▸ **DATA SHOWN**:
----------
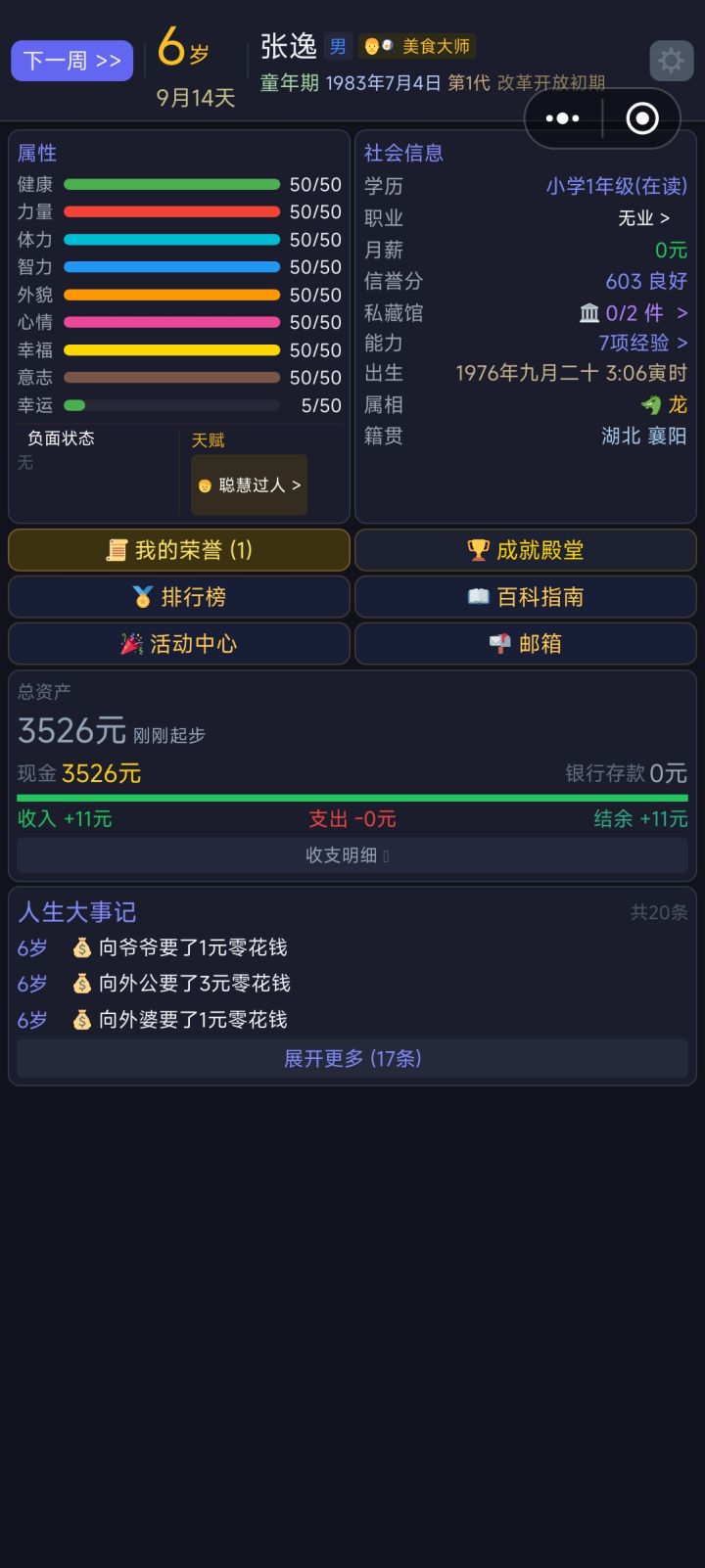 大家好,我是《大有可为:从零开始》的独立开发者。一个人,一个半月,从第一行代码到现在,终于把这个游戏做出来了。这是一款什么样的游戏?简单说:你在手机里重新活一次。从婴儿出生,到上学、工作、赚钱、买房、买车、收藏文物、成家立业,最后把财产传给下一代。每一周是一个回合,点击“下一周”推进时间。没有强制氪金,没有抽卡,没有满屏的充值入口。就是安安静静地做选择,看事件,过自己的人生。它有什么不一
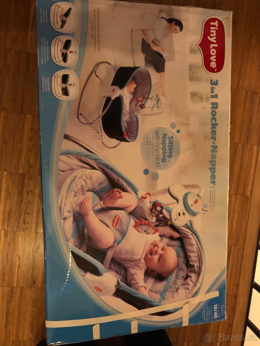 Tiny Love multifunkcni houpaci lehatko s funkci zidlicky 3 v 1. Lze pozits jako lehatko, houpaci lehatko s funkci zidlicky. Soucasti je hudebni kolotoc s privesky. Lehatko je v dobrě stavu po 2 detech.
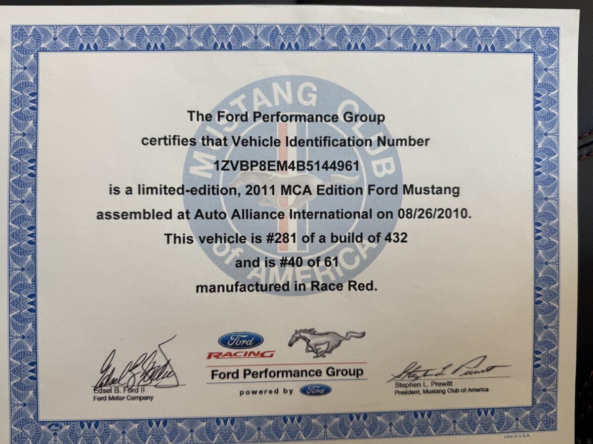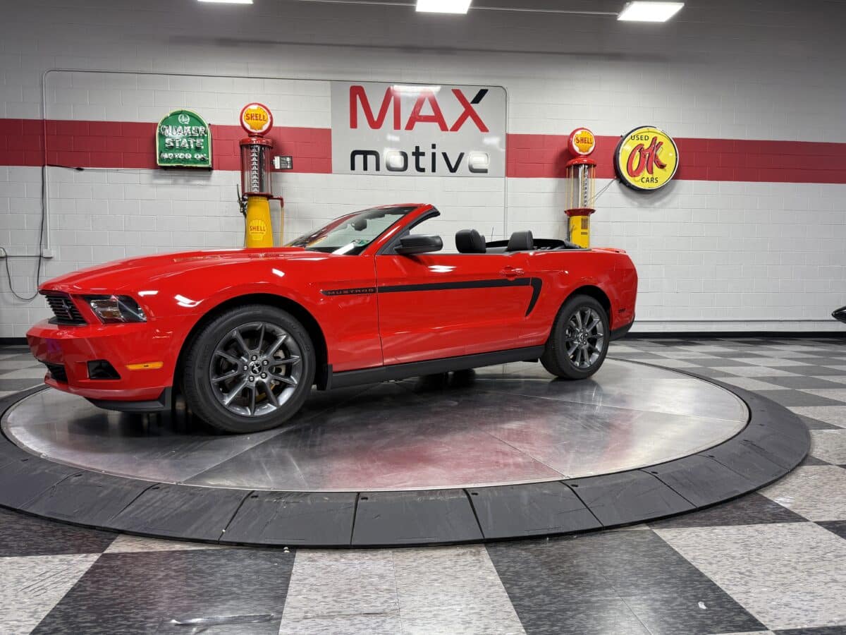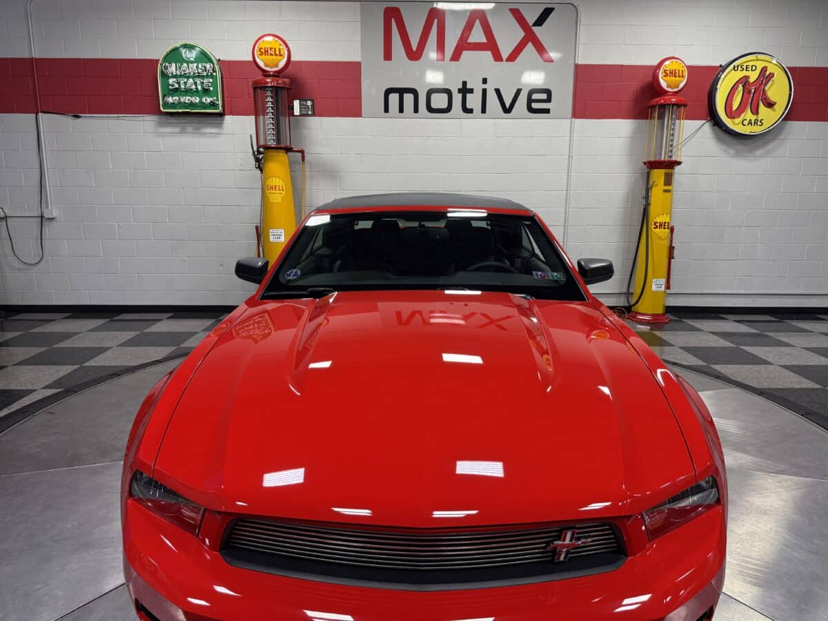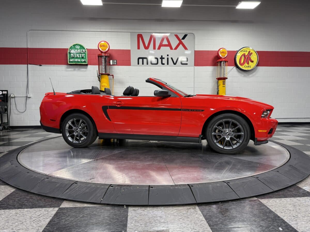 Maxmotive is proud to offer this incredibly low mileage, very well taken care of survivor Mustang. This 2011 Mustang came from the factory with the 3.7L Cyclone V-6 engine paired with a 6 speed automatic transmission. The Mustang has only, 4,353 miles on the car. When this Mustang was built, it was tastefully loaded up with leather seats, power top, Shaker sound system, steering wheel audio controls, and a 6 way power driver side seat to name a few options. The previous owner added catalytic back Corsa rear mufflers for a nice rumble when cruising. This Mustang has the perfect blend of miles for it’s age. It has incredibly low miles, but also has been driven enough to where all of the mechanical components have moved and spun over the last 14 years. This Mustang is ready to be driven and enjoyed, top up or down! We invite you to check out the showroom, and this super low mile, incredibly well preserved convertible Mustang. Please check more pictures at www.maxmotive.com, if you have any questions do not hesitate to reach out to us.
----------
▸ **DIRECTIONS**: Retype verbatim only the lines beginning with the line that contains "Tiny Love multifunkcni" and ending with the last line of the listing above; pictures are to be excluded.

▸ **ANSWER TO THIS EXERCISE**:
 Tiny Love multifunkcni houpaci lehatko s funkci zidlicky 3 v 1. Lze pozits jako lehatko, houpaci lehatko s funkci zidlicky. Soucasti je hudebni kolotoc s privesky. Lehatko je v dobrě stavu po 2 detech.
 Maxmotive is proud to offer this incredibly low mileage, very well taken care of survivor Mustang. This 2011 Mustang came from the factory with the 3.7L Cyclone V-6 engine paired with a 6 speed automatic transmission. The Mustang has only, 4,353 miles on the car. When this Mustang was built, it was tastefully loaded up with leather seats, power top, Shaker sound system, steering wheel audio controls, and a 6 way power driver side seat to name a few options. The previous owner added catalytic back Corsa rear mufflers for a nice rumble when cruising. This Mustang has the perfect blend of miles for it’s age. It has incredibly low miles, but also has been driven enough to where all of the mechanical components have moved and spun over the last 14 years. This Mustang is ready to be driven and enjoyed, top up or down! We invite you to check out the showroom, and this super low mile, incredibly well preserved convertible Mustang. Please check more pictures at www.maxmotive.com, if you have any questions do not hesitate to reach out to us.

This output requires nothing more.